Opalino Marbleized Beads

Beginner to intermediate glass bead making project

In the summer of 1978 at 32 years old with 3 children and one on the way, I knew my future included a nursing career and a larger house with a big yard. That changed when I discovered I had cancer. After surgeries but still unsure if I was cancer-free, I began to peruse the literature my crafty mom and grandmother brought me. Working with my hands helped dispel my depression and fear, and I soon dove head-first into crafts, my spirits soaring after discovering lampworking glass beads. I did get m bigger house and completed nursing school, though I’ve followed the path of lampworking. Now cancer-free after 22 years, I can do anything.

STEP 1.
Put on your didymium glasses and turn on your kiln and torch. Dip a mandrel in bead release and heat it up by turning the mandrel in the torch flame. In your other hand, begin to heat the tip of a yellow opalino rod in the flame. Wrap the hot glass around the mandrel and rotate it in the flame.STEP 2.
Keeping the glass hot, but not molten, add glass to the middle and the end of the core bead until you have the beginnings of a barrel-shaped bead. Use your graphite paddle to continue to shape the bead into a barrel shape.

STEP 3.
Keep the bead warm by holding the mandrel beneath the flame, rotating it continuously. While doing so, heat the end of a cobalt blue transparent rod.

STEP 4.
Touch small dots of the cobalt blue in a random pattern on the surface of the yellow bead.

STEP 5.
Keeping your bead warm, heat the end of a periwinkle blue rod and add small dots to the bead surface in a random pattern.

STEP 6.
Randomly dot green-on-clear dichroic in between the other dots. Be sure to heat the dichroic with the clear, uncoated side towards the flame. Do not let the flame touch the uncoated side of the dichroic glass because it will burn and be ruined!

STEP 7.
Let all of the dots melt evenly into the surface of the bead. With your tungsten tool in one hand, heat a side of the bead until it is glowing. Bring it out of the flame and touch the rake to a dot on the bead.

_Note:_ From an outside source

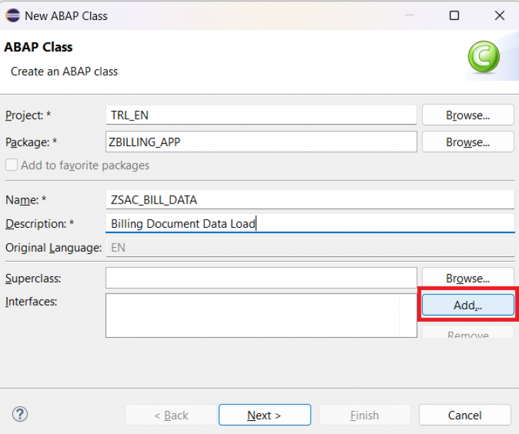 ZSAC_CL_LOAD_BILLDATA) and a description

Pull the rake in a swirling motion into and around the dots on that side of the surface. So that the rake detaches from the bead surface, keep the bead out of the flame as you work on each area. Dip the rake into a cup of water after each swirl to keep it from heating up and sticking to the bead during use.
Hint: I learned form Cindy Jenkins’ book, Glass Bead-making, to not dig the rake into the bead or you’ll pull too much glass and distort the shape. It could even pull the bead loose from the mandrel! You’re only swirling the colors across the bead surface.

STEP 8.
Dragging the glass back and forth as you swirl will change the shape of the bead a bit, so you will need to reheat and form your bead back into a barrel shape.

STEP 9.
Heat the beads evenly and place them into the kiln.